I’ve been traveling now for over 30-hours and I’m pretty well burnt out.  I’ve been packing camera bags and backpack for over a month at home and hiking 8-miles a day with all my flak gear on for a couple of months, preparing for this trip.  Some particular friends and contacts from all across America have been supportive of my efforts to be with  troops again by writing letters and helping with supplies and other things.  This journey is by no means a one man show.  Rather, it is a collective effort by myself and others who feel a burning passion at this particular time of the war in Afghanistan to support the troops in harms way by simply telling their story one Soldier, one Marine, one day at a time. 


The beauty of this journey already is that I’ve proven once again, with enough perseverance and prayer, one person can make happen a situation where the Army, Marines, Navy and Air Force, can all be made to come together in one accord and work with a civilian who happens to carry a camera to do a good thing.  I love the words on my travel orders that says, “Jim Spiri…is embedding…in the interest of improving the public’s understanding of ISAF operations”.    I like this responsibility. 


So folks, just to let you all know, it’s taken quite a bit to pull this one off.  It hasn’t always been fun, but it has already been rewarding in a deep way.  I left pretty much on a wing and a prayer, Tuesday morning not exactly knowing how it all was going to play out.  But looking at the flight line out my window at the big gray Air Force birds that I know will be bringing more wounded warriors here soon, I am once again convinced it’s important to go see what I’m going to see and report back to all those who surely care about supporting the troops, for reals. 


There are some really good people that need to be thanked for helping get this trip started.  There’s Hank in Kansas; Tom and Nick in North Carolina; Gary in Arizona, Kim in Michigan;  a Colonel in the USMC in 29 Palms, California, a Lt.
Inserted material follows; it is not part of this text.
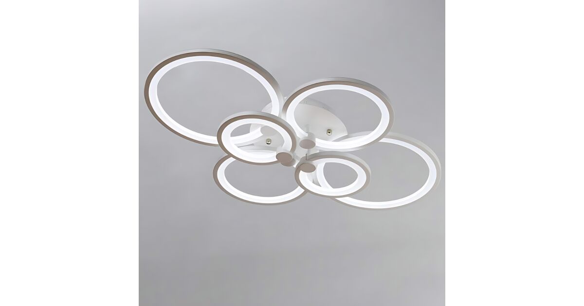 Tervezés és kivitelezés A csillár hat harmonikusan elrendezett gyűrűből áll, lenyűgöző vizuális hatást és légies kialakítást kínálva, tökéletes a modern és minimalista belső terekbe.

Colonel in the USMC in Helmund province, Afghanistan, a SMSgt in the Air Force in Germany; a Sergeant in the Army in Bagram, Afghanistan; Terry in Clayton, NM; an artist in Tennessee; Melain and family in Oklahoma; Jimmy and family in Texas; Moriah in Texas; and basically all the people who have waited patiently over the past two and half years and stayed in email contact with me, encouraging me to keep pressing on.  All of them have always said how much I’m in their prayers. 


But most of all, that without the complete and full support of my wife Candi who has patiently stood by my side for the past 36-years while I take such journey’s to the other side of the world, none of this could have ever happened.  Her love and prayers guiding me all along the way, is what really makes these journey‘s possible.  She has worked with me in the  war zones in the past and she too knows that this time, it’s extremely important.


Coming into Frankfurt early this morning before sunrise I had a good sense of calm over my being.  For the past couple of weeks, I had pretty much been running on empty wondering how it was all going to play out.  Looking out my window at the flight line I know deep in my being, I’m being filled to overflowing amounts hour by hour.  It’s good to be on this journey.